**DIRECTIONS**. Please transcribe the listing below in full and word for word, without its pictures.

**INFORMATION PROVIDED**.
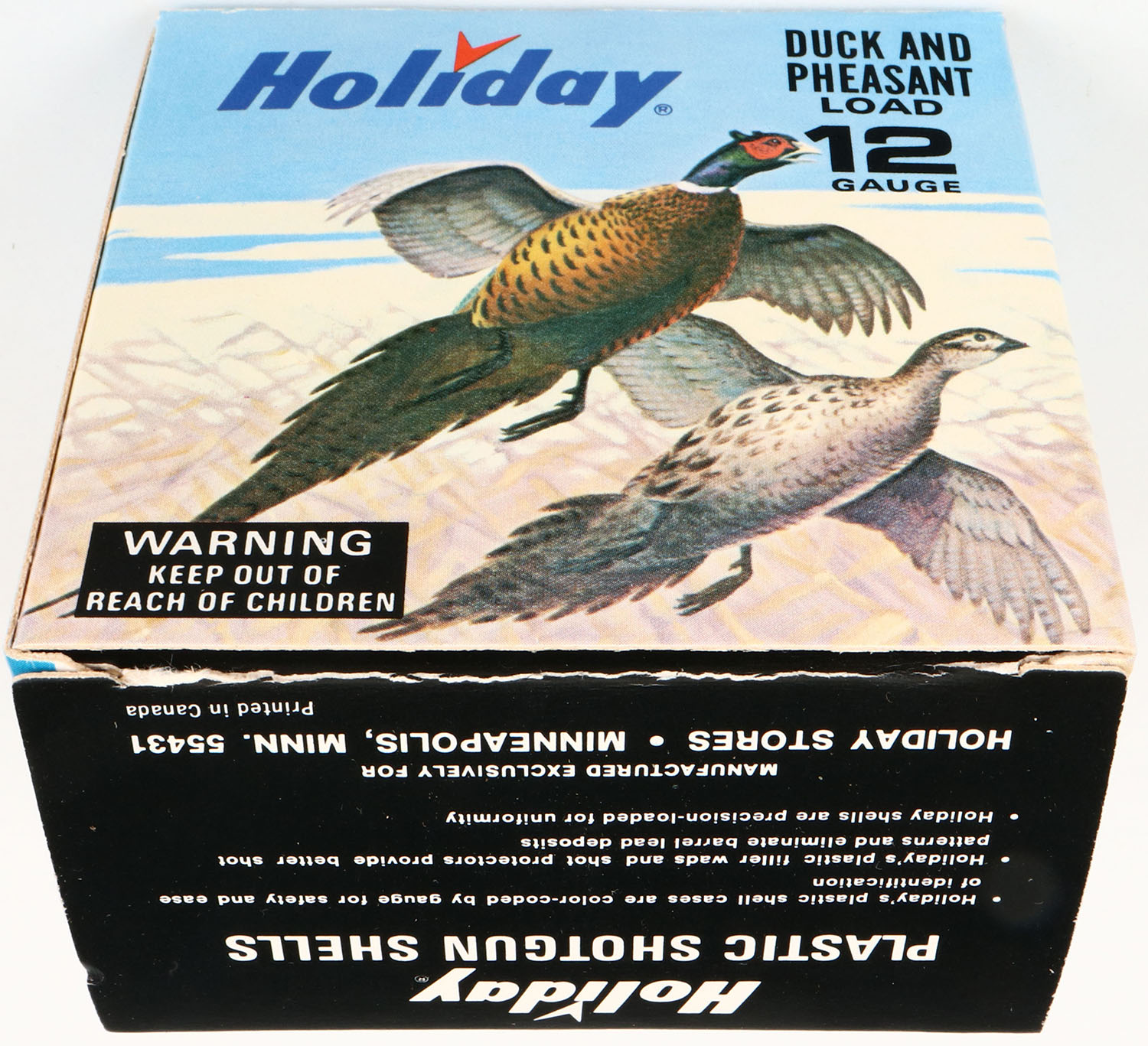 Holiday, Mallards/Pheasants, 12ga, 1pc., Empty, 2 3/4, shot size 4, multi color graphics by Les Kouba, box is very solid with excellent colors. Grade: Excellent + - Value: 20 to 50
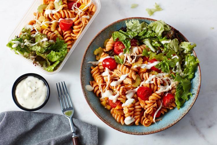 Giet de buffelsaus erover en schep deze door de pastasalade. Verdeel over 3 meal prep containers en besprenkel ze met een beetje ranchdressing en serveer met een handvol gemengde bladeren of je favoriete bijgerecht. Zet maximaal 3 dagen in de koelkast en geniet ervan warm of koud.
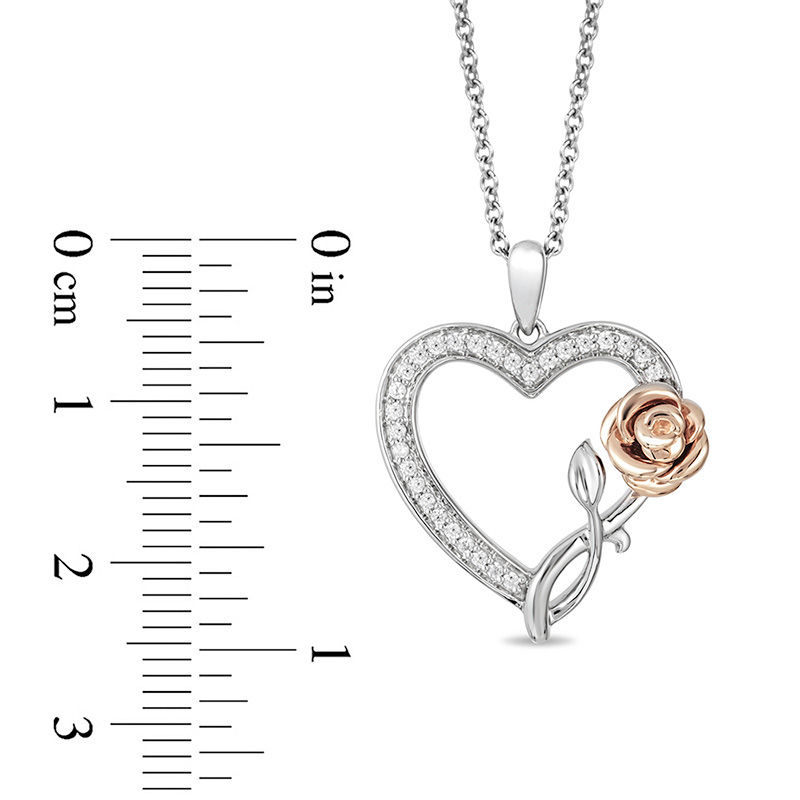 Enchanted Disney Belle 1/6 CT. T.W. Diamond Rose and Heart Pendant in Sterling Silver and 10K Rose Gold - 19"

**OUTPUT OF THE TASK**.
 Holiday, Mallards/Pheasants, 12ga, 1pc., Empty, 2 3/4, shot size 4, multi color graphics by Les Kouba, box is very solid with excellent colors. Grade: Excellent + - Value: 20 to 50
 Giet de buffelsaus erover en schep deze door de pastasalade. Verdeel over 3 meal prep containers en besprenkel ze met een beetje ranchdressing en serveer met een handvol gemengde bladeren of je favoriete bijgerecht. Zet maximaal 3 dagen in de koelkast en geniet ervan warm of koud.
 Enchanted Disney Belle 1/6 CT. T.W. Diamond Rose and Heart Pendant in Sterling Silver and 10K Rose Gold - 19"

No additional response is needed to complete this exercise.